Which is probably just as well because it is very late due to all the late night disasters I have just recounted and I seriously need to sleep in tomorrow morning.   Especially since in the afternoon I have to drive to St. Louis so I can retrieve my darling husband from the airport, where he is scheduled to arrive home from his jaunt to Costa Rica.   And not a moment too soon.

Of course, the money would not be such an issue in my emotions right now because really, we are getting by just fine, except that today when I was surfing the web I discovered that an artist I admire quite a lot has produced a torso that I want.   I mean, I REALLY want it.  It is so me, it is so beautiful, my heart aches to own it.    I am so tired and discouraged right now that I can’t even begin to visualize how I can make that happen at this time.

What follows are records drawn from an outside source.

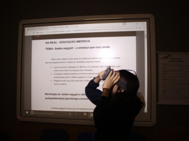 A turma do sexto ano teve aula de educação imersiva no laboratório de informática, utilizando o óculos...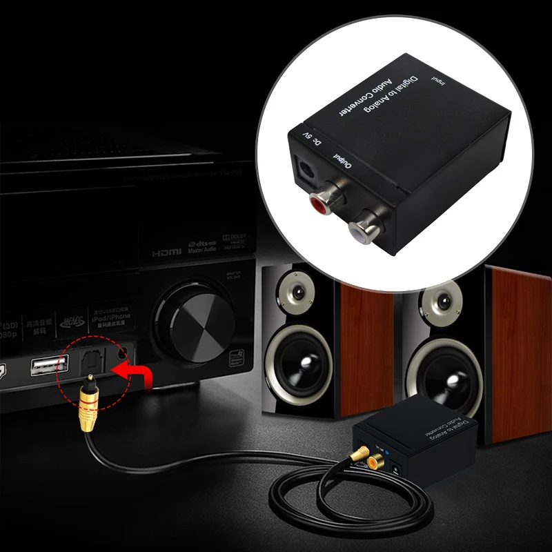 Он преобразует коаксиальные или Toslink цифровые аудио сигналы в аналоговый L/R аудио.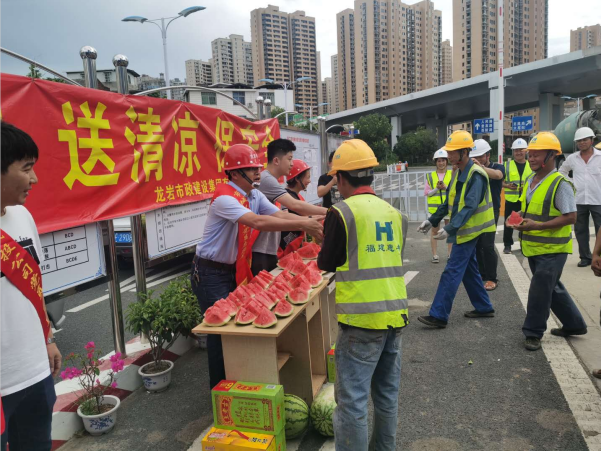 “弟兄們,來吃西瓜、喝涼茶”7月3日大中午,龍巖市政集團(tuán)組織的黨員、志愿者們?yōu)槲玳g在項目現(xiàn)場暫時休息的一線工人們獻(xiàn)上一塊塊甘甜可口西瓜。這是該公司針對近來天氣悶熱特意為一線職工開展的“走項目、送清涼、保安全”活動。班子成員兵分幾路分別帶隊前往龍巖大橋、浮東路、羅橋節(jié)點和龍巖大道二期等重點項目,為現(xiàn)場一線的工人們發(fā)放了西瓜、王老吉和菊花茶等防暑降溫食品,對廣大在一線的員工克服天氣影響,堅守崗位認(rèn)真工作表示感謝!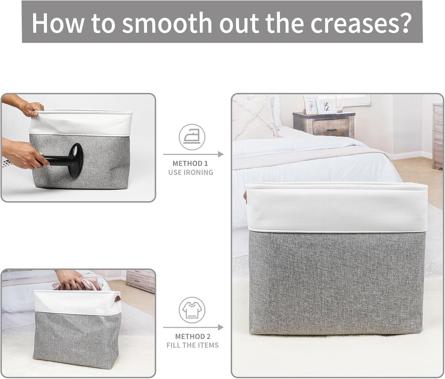 - 【Maintenance & Care Tip】 - Collapsible design for space saving. Our foldable baskets comes in a compression packing which may result in wrinkled storage bin during the long transit. Get rid of the wrinkles by either stuffing the fabric storage bins with blankets and pillows for a few days or steam iron them at low-heat setting. The organization baskets are easy to clean, you can dust the basket with a soft cloth with light soapy water when needed.

I was trying to enjoy a dinner out the other day and heard the people at the next table discussing how Global Warming is just a big hoax that is costing the American Taxpayer dollars they can’t really afford, that we just need to rape the North Slope and the rest of any place that has anything carbon so we can burn all that cheap oil and coal like God meant us to and I wanted to stand up, throw their table over and vomit right on them.   How can people be so damned ignorant?

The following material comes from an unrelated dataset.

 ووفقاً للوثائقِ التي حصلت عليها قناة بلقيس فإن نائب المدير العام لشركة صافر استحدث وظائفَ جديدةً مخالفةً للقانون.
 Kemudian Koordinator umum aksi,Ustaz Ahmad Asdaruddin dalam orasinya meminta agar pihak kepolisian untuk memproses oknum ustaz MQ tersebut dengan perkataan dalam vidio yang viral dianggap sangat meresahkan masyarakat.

Oh, that’s right.   Get all your information from Faux News and Rush Limbaugh, that’s how.   And make sure and listen to your preacher, because he will tell you all you have to do is be washed in the blood of Christ and you will be saved, which you need to do real quick because really you don’t need to worry about climate change anyway because the world is set to end in 2012 and so it will all be moot, right?

Well, my bed is made, my rant is finished and the ibuprofen seems to be kicking in, so I guess I’ll put myself to bed.   Because, as Scarlett said, “Tomorrow is another day.”

Bless you all, and good night.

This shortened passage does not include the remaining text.